Потом еще было много котят, щенят, крольчат и даже одна канарейка, но с возрастом наслаждение от предсмертной агонии зверюшек перестало приносить то первоначальное удовольствие, и душа стала желать чего-то большего. Первой человеческой жертвой Курочкина пал его садист-отец, Володька просто задушил его во сне подушкой, страстно ощущая, как человек, принесший ему столько горя, пытается цепляться за жизнь, машет руками, старается скинуть с себя сына, а затем трясется, испуская дух от нехватки кислорода. После этого он уже смог смотреть отцу в глаза, смотреть с настоящей любовью. Да, лишать жизни разумного человека оказалось куда приятней, чем безмозглое зверье, до конца и не осознающее что с ним пытаются сделать. В этот день Курочкин понял, чему он хочет посвятить свою жизнь.

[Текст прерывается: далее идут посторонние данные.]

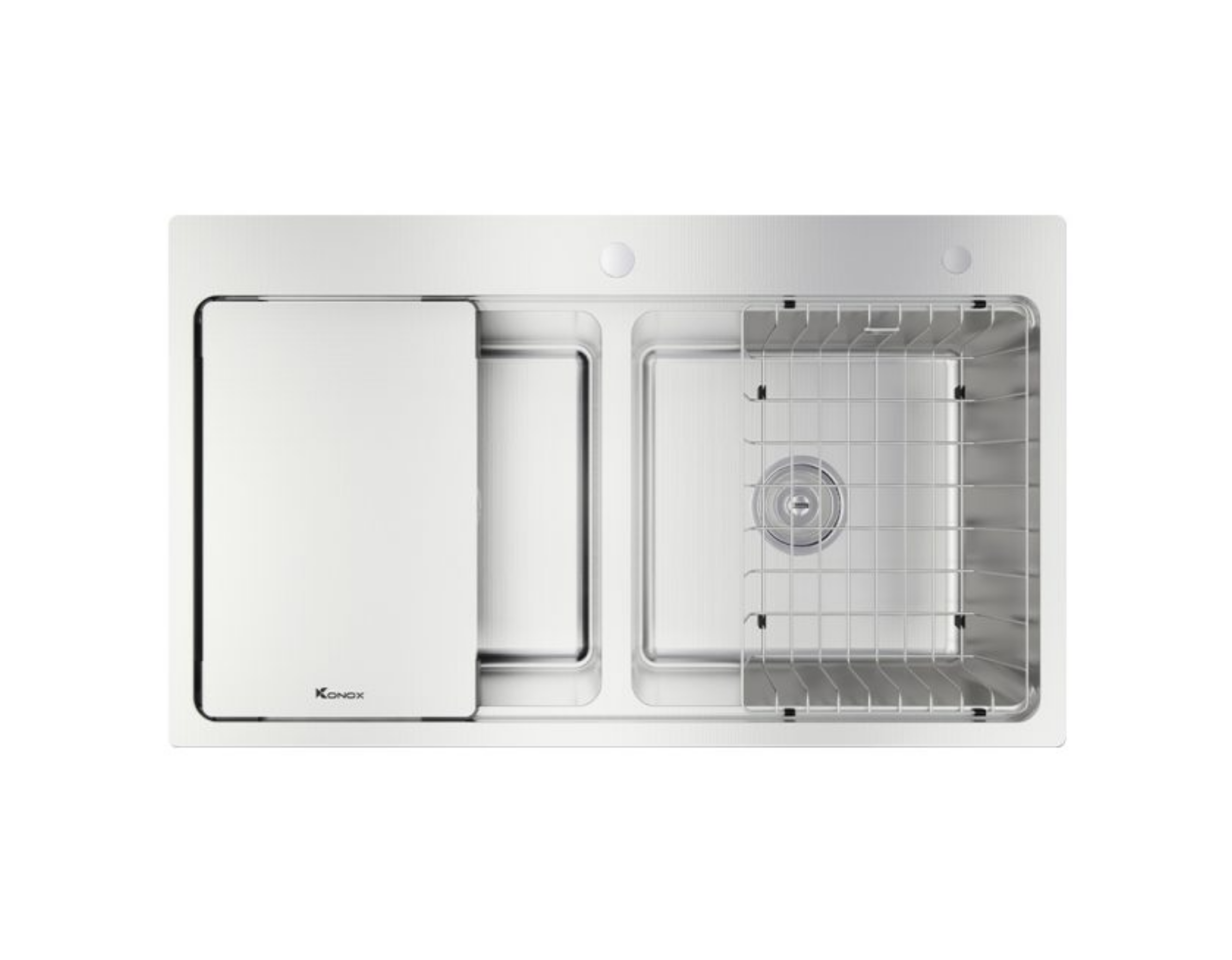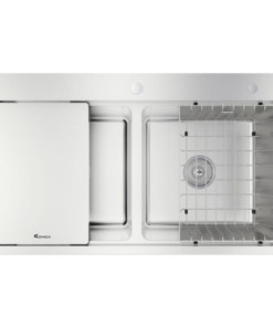 – Thiết kế hiện đại với gờ hạ bậc – tích hợp phụ kiện thông minh: Siphon, giá úp bát inox, thớt inox.

Но для начала следовало как-то обеспечить себе хорошее прикрытие и Володька, а он всегда считал хитрость своим главным талантом, пошел служить в милицию. Так начались его две карьеры: одна в милиции, а затем в полиции, где он старался сильно не выделяться и слыть обычным средним, но честным сотрудником, и вторая – карьера Кровавого Змея, а именно так в Челябинске нарекли нового страшного маньяка, распарывающего своих жертв на лоскуты, отрезающего им части тела или же вырезающего внутренние органы, на память. К слову, прозвище Кровавый Змей Курочкин придумал сам и подкинул его журналистам. Змеи из-за их хитрости, скользкости и молниеносности всегда нравились ему гораздо больше всех остальных тварей, и он по праву причислял себя к их числу. И он был хитрый Змей, рядящийся под Орла Правопорядка. Такая жизнь ему нравилась, и Володька Курочкин был полностью счастлив.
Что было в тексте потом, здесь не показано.